FIG. 9 is a figure showing an operation method of one of the sensors 200 (for example, the sensor 200I) in the example shown in FIG. 8. For example, FIG. 9 shows a state of the substrate 210 and the sensor 200I viewed from the direction of an arrow A in FIG. 8. As shown in FIG. 9, the light emitter 202 of the sensor 200I is arranged in a position close to one end of a diagonal line of the rectangular substrate 210, and the light receiver 204 of the sensor 200I is arranged in a position close to the other end of the diagonal line of the rectangular substrate 210. The light emitter 202 is constructed and arranged in such a manner that it emits belt-shaped measuring light 220 in parallel with the rectangular substrate 210 (i.e., along the surface of the rectangular substrate 210). For example, the measuring light 220 has a width W1 in a direction perpendicular to its propagation direction and also perpendicular to the surface of the substrate 210. In the case that the substrate 210 is flat, the measuring light 220 arrives at the light receiver 204 without any blockage thereof by the substrate 210. Thus, the light receiver 204 receives the measuring light 220 having the width W1 as it stands.

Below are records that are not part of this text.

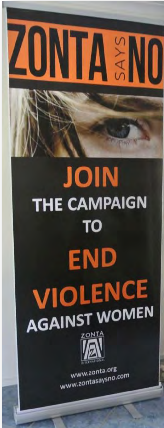
Zonta Says NO Banner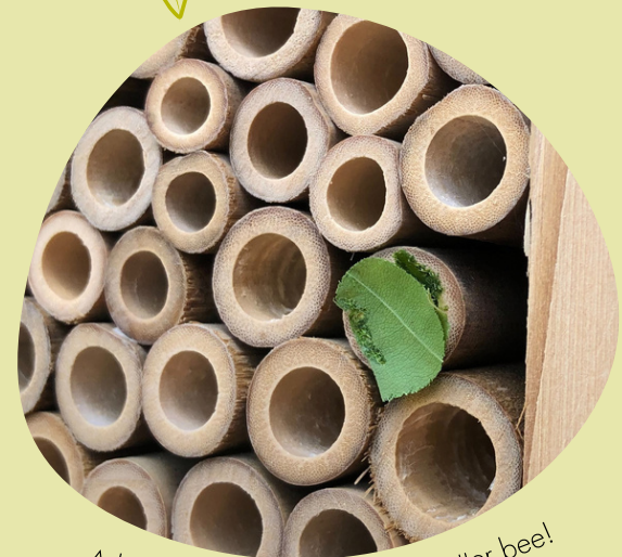
A leaf door, made by a leaf cutter bee!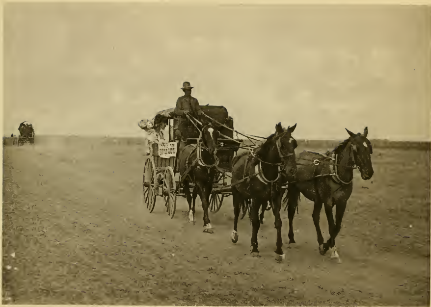
ON THE WAY TO THE GROUNDS.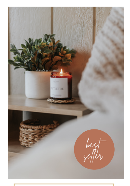
$24 | Mistletoe Candle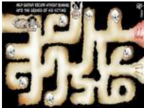
Gaddafi Family Has Reportedly Fled Libya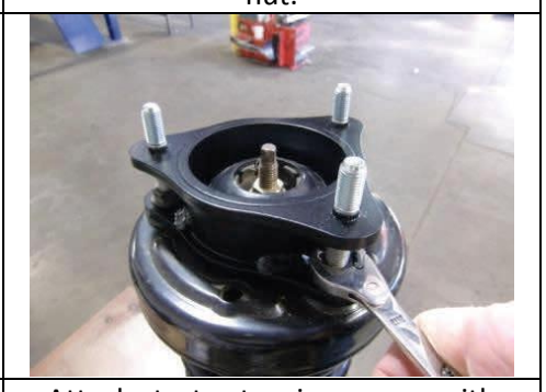
Attach strut extension spacer with GOLD Flange Nuts tighten.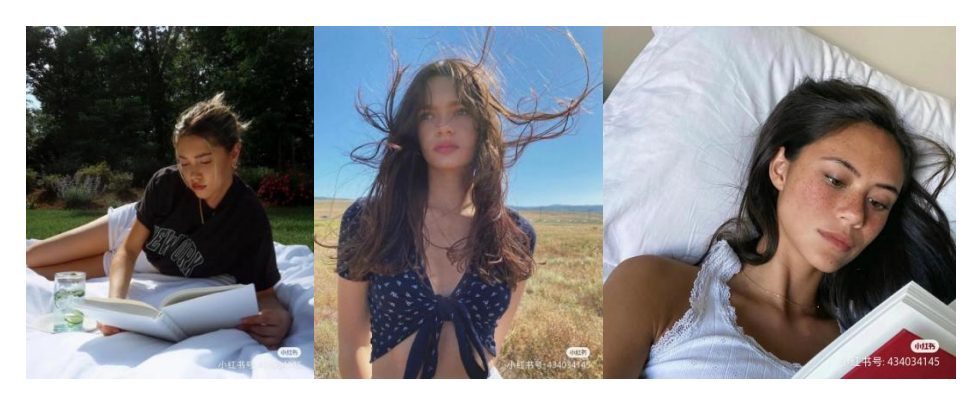
Fig 2. A sample of avoiding sexual innuendo by increasing emotional distance

Secondly, when there is strong interaction between the character and the camera, the photographer elevates the power status of the picture character by using the elevated perspective in the language of the camera, which to a certain extent reduces the possibility of sexual innuendo brought about by the subordinate behavior (the beak in Figure 2 below) and the female line display (the waist and hip line display in Figure 2 below). The difference in status brought about by the elevation len demonstrates the terms of "sexual agency" and "sexual empowerment" which were highlighted to characterize this shift in sexualized advertisements from objectified to subjectified women (Gill, 2008), and seems to reflect the Zeitgeist of women becoming independent- this includes agency in their sexuality. According to this view, being sexy and agentic at the same time can be seen as liberating for women, not the follower of men's desire (Dahl et al., 2009).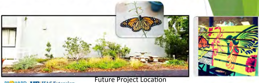
Future Project Location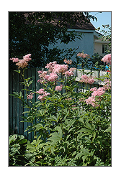
Venusta Queen Of The Prairie flowers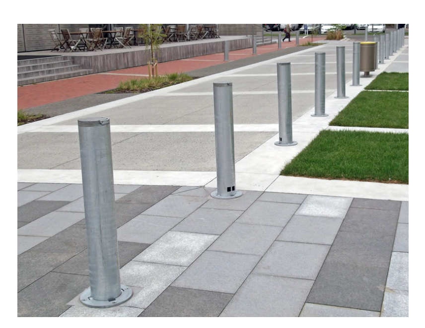
Retractable Bollard, Lower Hutt Civic Centre

The robust and sturdy Retractable Bollard is normally supplied with a hot dip galvanised finish. It can be powder coated to colour of choice if required.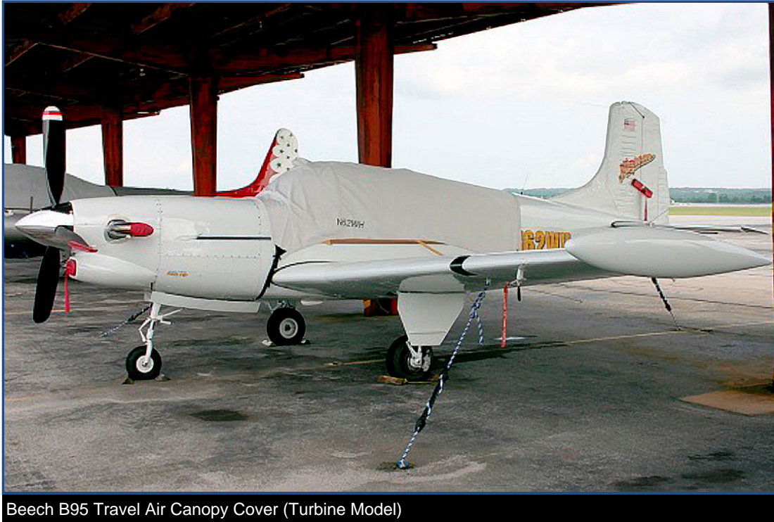
Beech B95 Travel Air Canopy Cover (Turbine Model)

FIG. 10 shows states of the measuring light 220 in the cases that the rectangular substrates 210 have warps or undulation. In each of the above cases, a part, in the width direction, of the measuring light 220 is blocked by the part of the warp or undulation in the rectangular substrate 210, and the remaining part of the measuring light 220 is received by the light receiver 204. Thus, based on the quantity of the measuring light 220 received by the light receiver 204 (or based on the ratio of the quantity of the measuring light 220 received by the light receiver 204 to the quantity of the measuring light 220 emitted from the light emitter 202), existence/nonexistence of the warp or undulation in the rectangular substrate 210 and/or the size of the warp or undulation can be identified.

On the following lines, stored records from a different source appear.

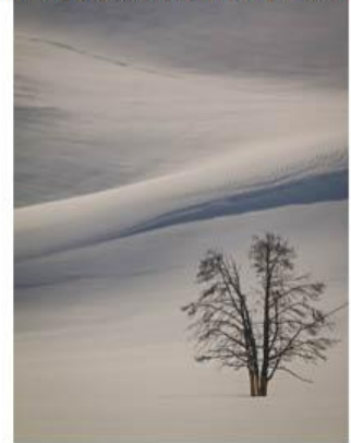
Yellowstone Tree - Tracy Carson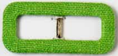
Mod. MOSEL 1.0 cm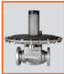
Mark 608 Balanced Plug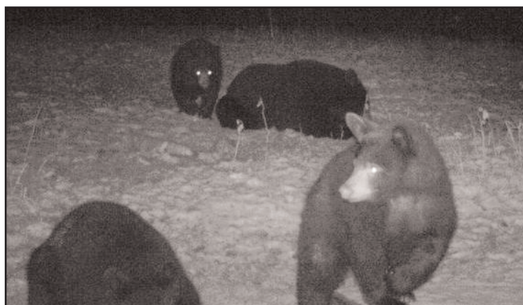
A trail camera photo provided by the Michigan Department of Natural Resources shows a bear sow and three cubs seen in the vicinity of the poaching incident. The sow is believed to be the one poached.

The male had facial hair and left the scene driving a dark-colored pickup truck. The DNR Law Enforcement Division is request-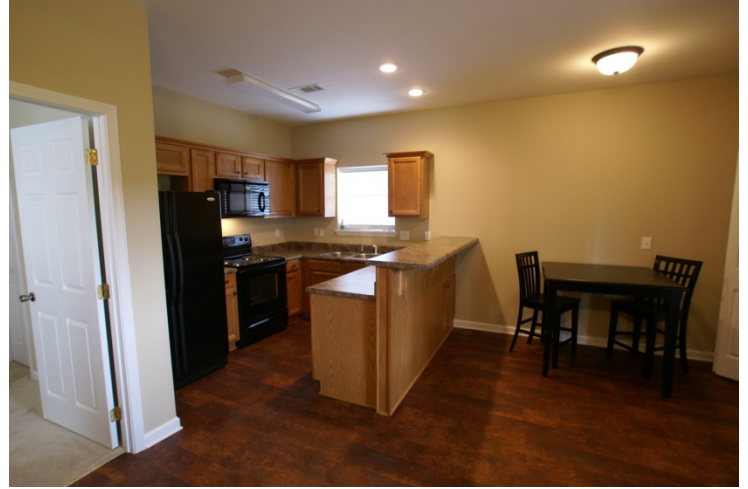
Kitchen & Dining Room Views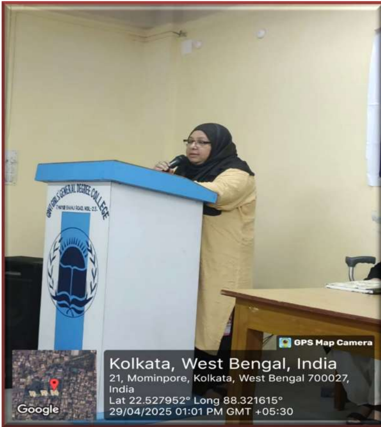
Inaugural Speech by Honorable Principle of the College GGGDC

In general, the warp or undulation in a substrate often exists only in a specific direction in a surface of the substrate. For example, there is a case that a rectangular substrate 210 has a warp in a lateral direction of the substrate, and has no warp in a longitudinal direction. According to the arrangement of the sensors shown in FIG. 8, the sensor 200I can detect a warp or undulation of a substrate existing in the direction of one of the diagonal lines of the rectangular substrate 210, and the sensor 200J can detect warp or undulation existing in a direction different from the above direction, i.e., the direction of the other of the diagonal lines of the rectangular substrate 210. Accordingly, by using the sensors 2001 and 200J arranged in two different directions, a warp or undulation that may exist in the substrate 210 can surely be detected without overlooking it.

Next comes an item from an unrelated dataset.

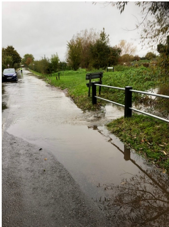
Photo 2. Damaged verge (at allotments) allows the stream to overflow onto the Fernham Road.

In this regard, the directions along those the sensors 2001 and 200J are to be arranged are not limited to the directions of the diagonal lines of the rectangular substrate 210. For example, the light emitter 202 and the light receiver 204 of the sensor 200I may be arranged along a line of the rectangular substrate 210 in a lateral direction (i.e., arranged in a manner similar to the manner in the case of the first sensor pair 200-1 in FIG. 2), and the light emitter 202 and the light receiver 204 of the sensor 200J may be arranged along a line of the rectangular substrate 210 in a longitudinal direction (i.e., arranged in a manner similar to the manner in the case of the second sensor pair 200-2 in FIG. 2).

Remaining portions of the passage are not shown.